Preparation for BRAKER below
Reference: https://qiita.com/drk0311/items/a3ac648f2780cfee57b1

Obtaining GeneMark-ES/ET/EP
http://exon.gatech.edu/GeneMark/license_download.cgi

Here, add your name and affiliation, and
GeneMark-ES/ET/EP ver 4.69_lic
	LINUX 64 kernel 2.6 - 3
and click on I agree to the terms of this license agreement to go to the next page.

Right-click here and click Download

Download the key as well

Transfer to linux via sftp

sftp iceplant4561@gw2.ddbj.nig.ac.jp
cd /home/iceplant4561/Important_Software

put gmes_linux_64.tar.gz
put gm_key_64.gz

Back to linux
cd /home/iceplant4561/Important_Software

Extract each
tar xzvf gmes_linux_64.tar.gz
gunzip gm_key_64.gz

#The license is valid for 200 days, so after 200 days, go back to the above site, re-enter your registration information, agree to the license, and then click on the "Download key 32_bit or 64_bit" button.
#Please download the license key (gm_key_64.gz or gm_key_32.gz) from the link "Please download key 32_bit or 64_bit".
#If you are using 64 bit now, the majority of users will probably use 64 bit. Unzip the license key with gunzip, rename it to .gm_key and save it in your home directory.
#Now, you can save the program anywhere you want, but I keep my tools that cannot be managed by Anaconda in a directory named "local" under my home directory (~ or /home/account name) and put them there. 
#local directory under your home directory (~ or /home/account name) for tools that cannot be managed by Anaconda.
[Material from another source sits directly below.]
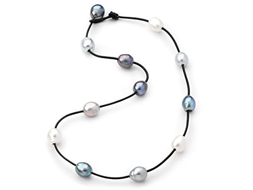 Freshwater Cultured Pearl Necklace Single Strand 11-12mm White Color with a Genuin Black Leather 18".

The following is a case of dropping the program files into the downloads folder on Windows.

cp gm_key_64 ~/.gm_key
cd /home/iceplant4561/Agarie_group/ice_plant_genome_from_GSA/BRAKER/gmes_linux_64
. /check_install.bash
Checking GeneMark-ES installation

export GENEMARK_PATH=/home/iceplant4561/Agarie_group/ice_plant_genome_from_GSA/BRAKER/gmes_linux_64
source ~/.bashrc

Create a Docker image container for BRAKER (v2.1.5)

cd ~/Important_Software/
singularity build braker.sif docker://hamiltonjp/braker2:a765b80

cd ~/Agarie_group/ice_plant_genome/BRAKER/

species="M.crystallinum"
species_dir="${PWD}/${species}"

singularity exec /home/iceplant4561/Important_Software/braker.sif \
braker.pl --genome=./Iceplant-genome_fasta_full_softmask.fasta \
	    --species=${species}_braker2 \
	    --workingdir=./braker2_out \
          --softmasking \
          --prot_seq=Proteins_from_iceplants.fasta \
          --gff3 \
          --epmode \
          --cores 45 \
          --GENEMARK_PATH=~/Agarie_group/ice_plant_genome_from_GSA/BRAKER/gmes_linux_64 \
	    --AUGUSTUS_CONFIG_PATH=~/Agarie_group/ice_plant_genome_from_GSA/BRAKER/Augustus/config/ \
          --useexisting

The total sequences, total bases, total amino acids, and N50 were computed based on the resulting fasta-format files containing information about the genes, coding sequences, and amino acids using seqkit (v2.0.0; [Shen et al. 2016](https://journals.plos.org/plosone/article?id=10.1371/journal.pone.0163962) _et al_ . 2016) [key parameter: seqkit stats]. Protein BLAST searches ( _E_ -value < 1e-5) were conducted using DIAMOND (v2.0.13.151; [Buchfink et al. 2021](https://www.nature.com/articles/s41592-021-01101-x) _et al_ . 2021) against the [NCBI](https://www.ncbi.nlm.nih.gov/gene/?term=Mesembryanthemum+crystallinum)-non-redundant protein sequences (retrieved from [NCBI](https://www.ncbi.nlm.nih.gov/gene/?term=Mesembryanthemum+crystallinum) in March 2022), [Uniprot-swissprot](https://www.uniprot.org)(retrieved in March 18), [Ensemble TAIR10](http://ftp.ensemblgenomes.org) (retrieved in March 2022), and NCBI poplar amino acid sequence databases(retrieved from [NCBI](https://www.ncbi.nlm.nih.gov/gene/?term=Mesembryanthemum+crystallinum) in March 2022).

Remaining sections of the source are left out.